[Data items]
────────

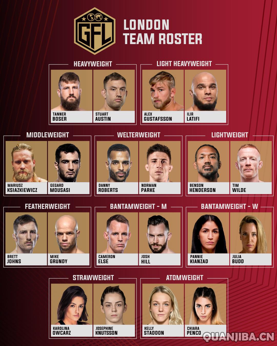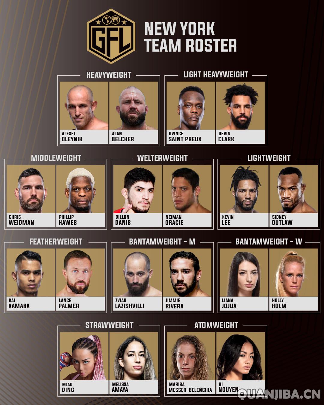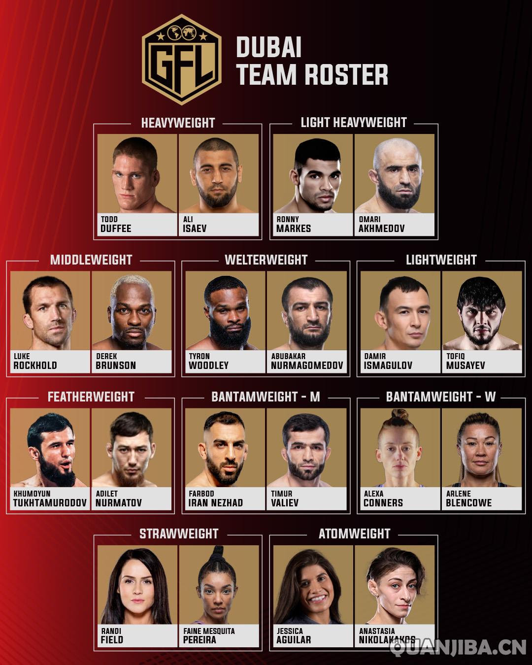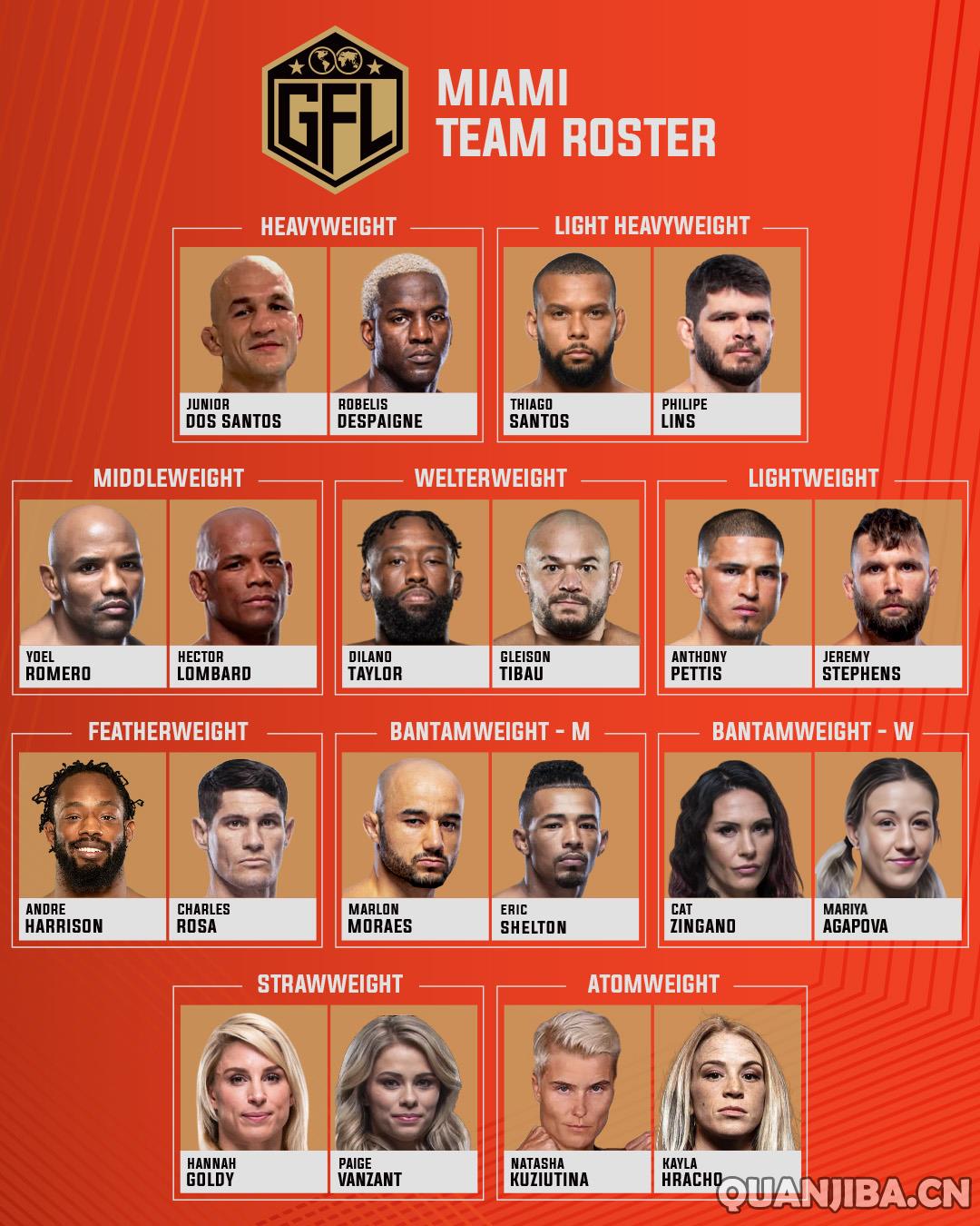 GFL将于今年4月开始比赛,推出以团队为基础的MMA联赛,并实行赛季制度。六大战队分别是:伦敦队、迪拜队、圣保罗队、迈阿密队、洛杉矶队、纽约队。中国选手丁苗(18-8,9 K,9 S)被选入纽约队。
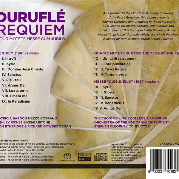 King’s College’s recording of the Fauré Requiem was the best-selling core classical album of 2014. For this new recording featuring another great French Requiem, the Choir is reunited with the Orchestra of the Age of Enlightenment to perform Maurice Duruflé’s 1947 Requiem, in the composer’s own version for soprano, choir, organ and small orchestra. The album is completed with the Messe Cum Jubilo for male voices and the Four Motets, mirroring Fauré’s Messe Basse for boys on the earlier album to which this is very much a partner.
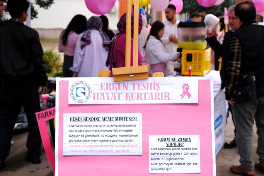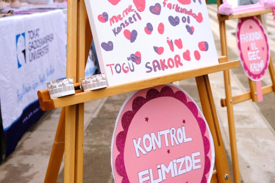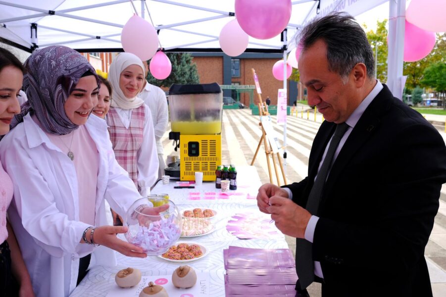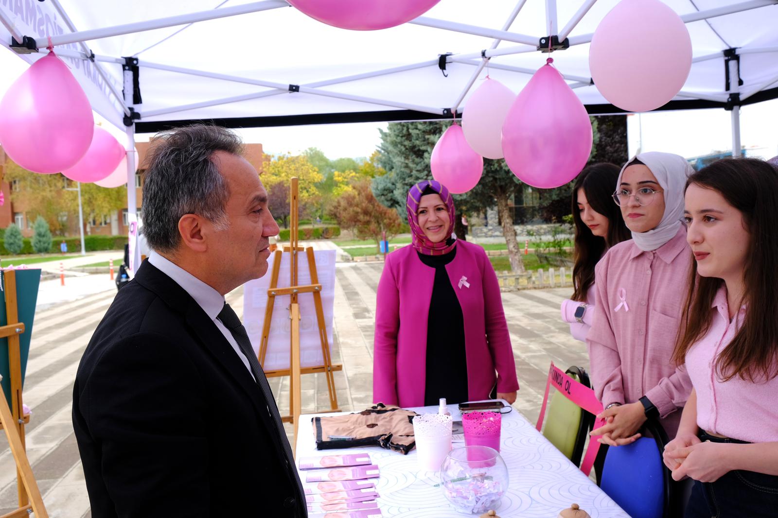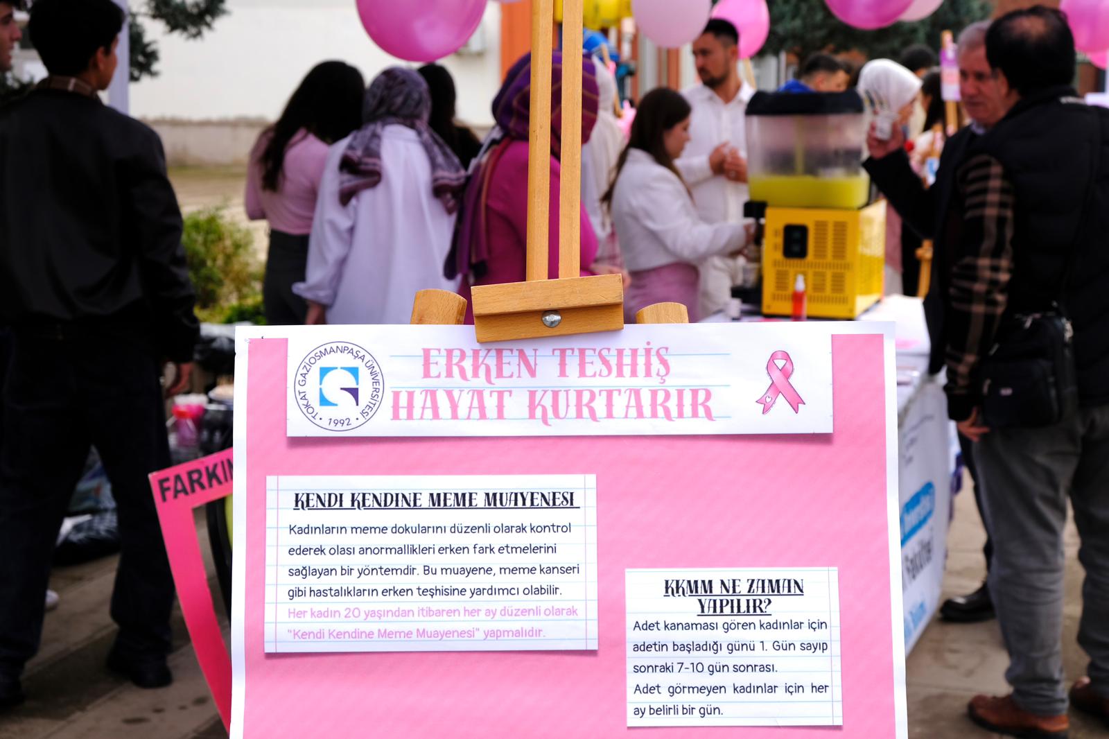 Merkezi Yemekhane önünde 11.00–14.00 saatleri arasında süren etkinlikte öğrencilere, kadınlarda en sık görülen kanser türlerinden biri olan meme kanserine karşı düzenli tarama, kendi kendine muayene yöntemleri ve erken tanının önemi hatırlatıldı.
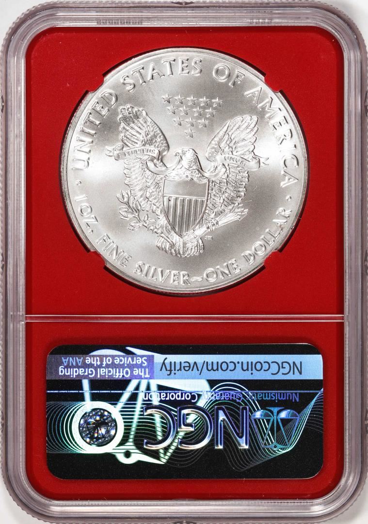 One 2016-(S) $1 American Silver Eagle Coin NGC MS69 Struck at San Francisco Red Core. NGC Certified.
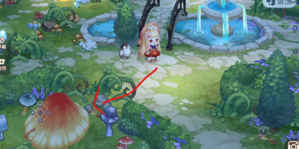 6、到达友谊庄园,往下面走,走到巨大的蘑菇下。
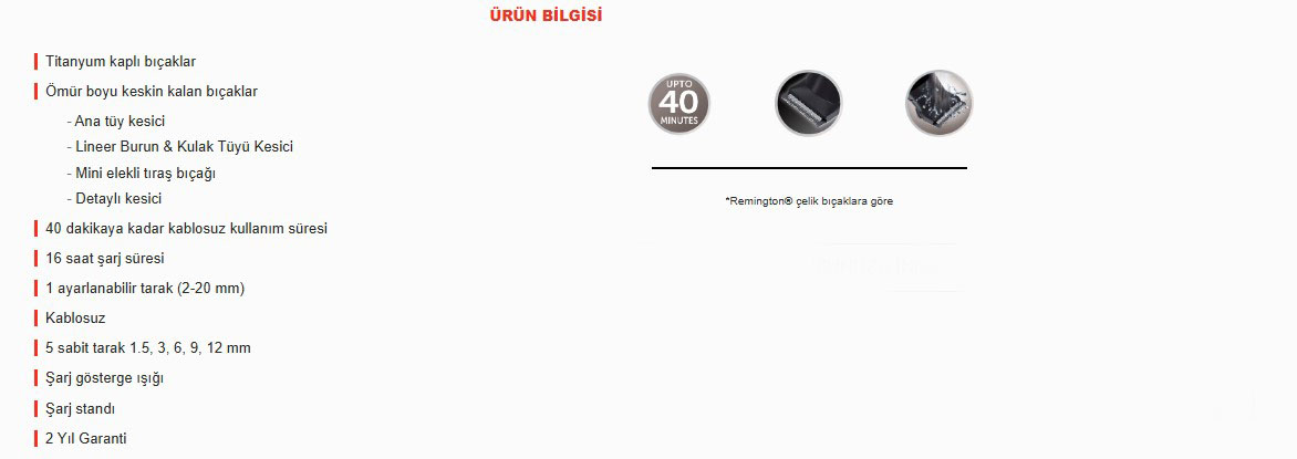 Remington'ın kendi kendini bileyleyen Titanyum kaplı bıçakları, çelik bıçaklardan %300 daha serttir ve her seferinde pürüzsüz bir kesim sağlar; ayrıca zamanla köreleceğinden endişe endişelenmeye gerek yoktur.

────────

WORK REQUEST: Your answer should hold every record above, printed exactly and free of pictures.

EXERCISE RESULT:
 GFL将于今年4月开始比赛,推出以团队为基础的MMA联赛,并实行赛季制度。六大战队分别是:伦敦队、迪拜队、圣保罗队、迈阿密队、洛杉矶队、纽约队。中国选手丁苗(18-8,9 K,9 S)被选入纽约队。
 King’s College’s recording of the Fauré Requiem was the best-selling core classical album of 2014. For this new recording featuring another great French Requiem, the Choir is reunited with the Orchestra of the Age of Enlightenment to perform Maurice Duruflé’s 1947 Requiem, in the composer’s own version for soprano, choir, organ and small orchestra. The album is completed with the Messe Cum Jubilo for male voices and the Four Motets, mirroring Fauré’s Messe Basse for boys on the earlier album to which this is very much a partner.
 Merkezi Yemekhane önünde 11.00–14.00 saatleri arasında süren etkinlikte öğrencilere, kadınlarda en sık görülen kanser türlerinden biri olan meme kanserine karşı düzenli tarama, kendi kendine muayene yöntemleri ve erken tanının önemi hatırlatıldı.
 One 2016-(S) $1 American Silver Eagle Coin NGC MS69 Struck at San Francisco Red Core. NGC Certified.
 6、到达友谊庄园,往下面走,走到巨大的蘑菇下。
 Remington'ın kendi kendini bileyleyen Titanyum kaplı bıçakları, çelik bıçaklardan %300 daha serttir ve her seferinde pürüzsüz bir kesim sağlar; ayrıca zamanla köreleceğinden endişe endişelenmeye gerek yoktur.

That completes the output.